5. How to Achieve Net-Zero Emissions?
Policies, technology and behavior must change across the board. For example, on 1.5 degrees C trips, renewables are projected to supply between 70% and 85% of electricity by 2050. Energy efficiency and fuel switch measures are essential for transport. Improving the efficiency of food production, changing dietary options, halting deforestation, restoring degraded lands, and reducing food loss and waste also have significant potential to reduce emissions. It is critical that the structural and economic transition needed to limit warming to 1.5 degrees C is addressed fairly, especially for workers in high-carbon industries. The good news is that most of the technologies we need are readily available and increasingly cost-competitive with high-carbon alternatives. Solar and wind power now provide the cheapest energy for 67% of the world. Markets are realizing these opportunities and the risks of a high-carbon economy, and are changing accordingly.
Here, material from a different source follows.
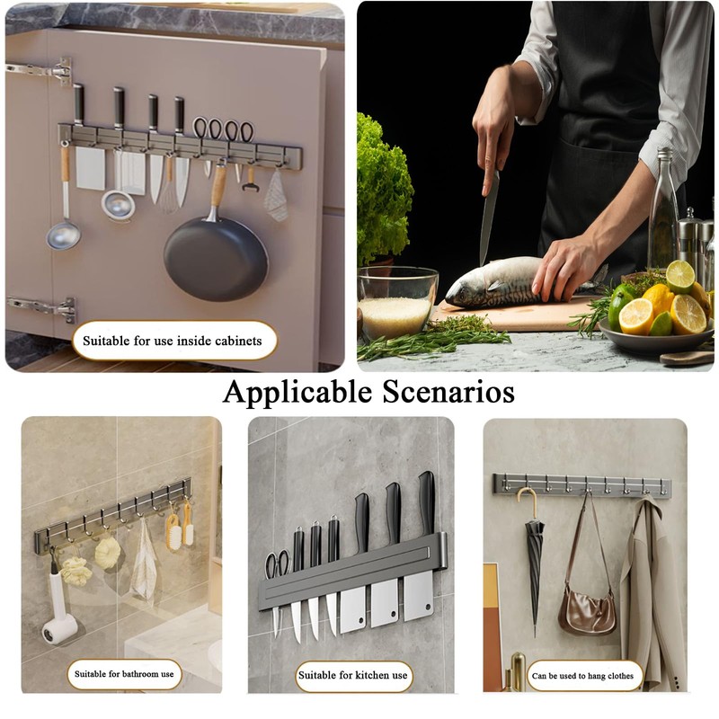 - 【Customizable Storage Solutions】Choose from 2 sizes (40CM/50CM) with 7-9 hooks to fit your kitchen scale. Securely holds chef knives, scissors, and utensils while freeing up drawer space.

In addition, investments in carbon removal will be necessary. The different pathways assessed by the IPCC to reach 1.5 degrees C depend on different levels of carbon removal, but they all depend on it to some degree. It will be necessary to remove CO2 from the atmosphere to offset emissions from sectors where reaching zero emissions is more difficult, such as aviation. Carbon removal can be achieved by various means, including terrestrial approaches (such as restoring forests and increasing carbon sequestration from the soil) and technological approaches (such as direct air capture and storage or mineralization).
6. Does the Paris Agreement make Countries Commited to Achieve Net-Zero Emissions?
In short, yes.
The Paris Agreement has a long-term goal of achieving “a balance between anthropogenic emissions by sources and removals by sinks of greenhouse gases in the second half of this century, on the basis of equity and in the context of sustainable development and efforts to Eradicate poverty. ” The concept of balancing emissions and removals is similar to achieving net zero emissions.
Along with the ultimate goal of limiting warming to well below 2 degrees C, and aiming at 1.5 degrees C, the Paris Agreement commits governments to drastically reduce emissions and increase efforts to achieve net zero emissions. in time to avoid the worst consequences of climate change.
Commitments to creating bold short- and long-term goals that align with a future of net zero emissions would send important signals to all levels of government, the private sector, and the public that leaders are betting on a safe and prosperous future. rather than one devastated by climate impacts.